- Task to complete -
Return only the stretch of the material below that begins with the line containing "最後は、sotto voce" and ends with the line containing "태블릿과 비교불가한 속도의", exactly; both of those lines belong to it.

- Data provided -

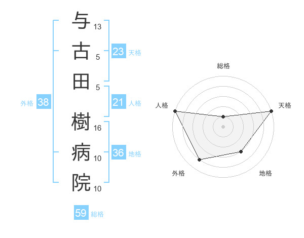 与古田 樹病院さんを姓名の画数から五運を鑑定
---
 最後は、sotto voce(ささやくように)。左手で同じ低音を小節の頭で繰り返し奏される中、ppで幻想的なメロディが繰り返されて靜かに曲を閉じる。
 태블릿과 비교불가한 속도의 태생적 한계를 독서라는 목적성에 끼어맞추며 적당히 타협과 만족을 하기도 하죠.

- Exercise response -
 最後は、sotto voce(ささやくように)。左手で同じ低音を小節の頭で繰り返し奏される中、ppで幻想的なメロディが繰り返されて靜かに曲を閉じる。
 태블릿과 비교불가한 속도의 태생적 한계를 독서라는 목적성에 끼어맞추며 적당히 타협과 만족을 하기도 하죠.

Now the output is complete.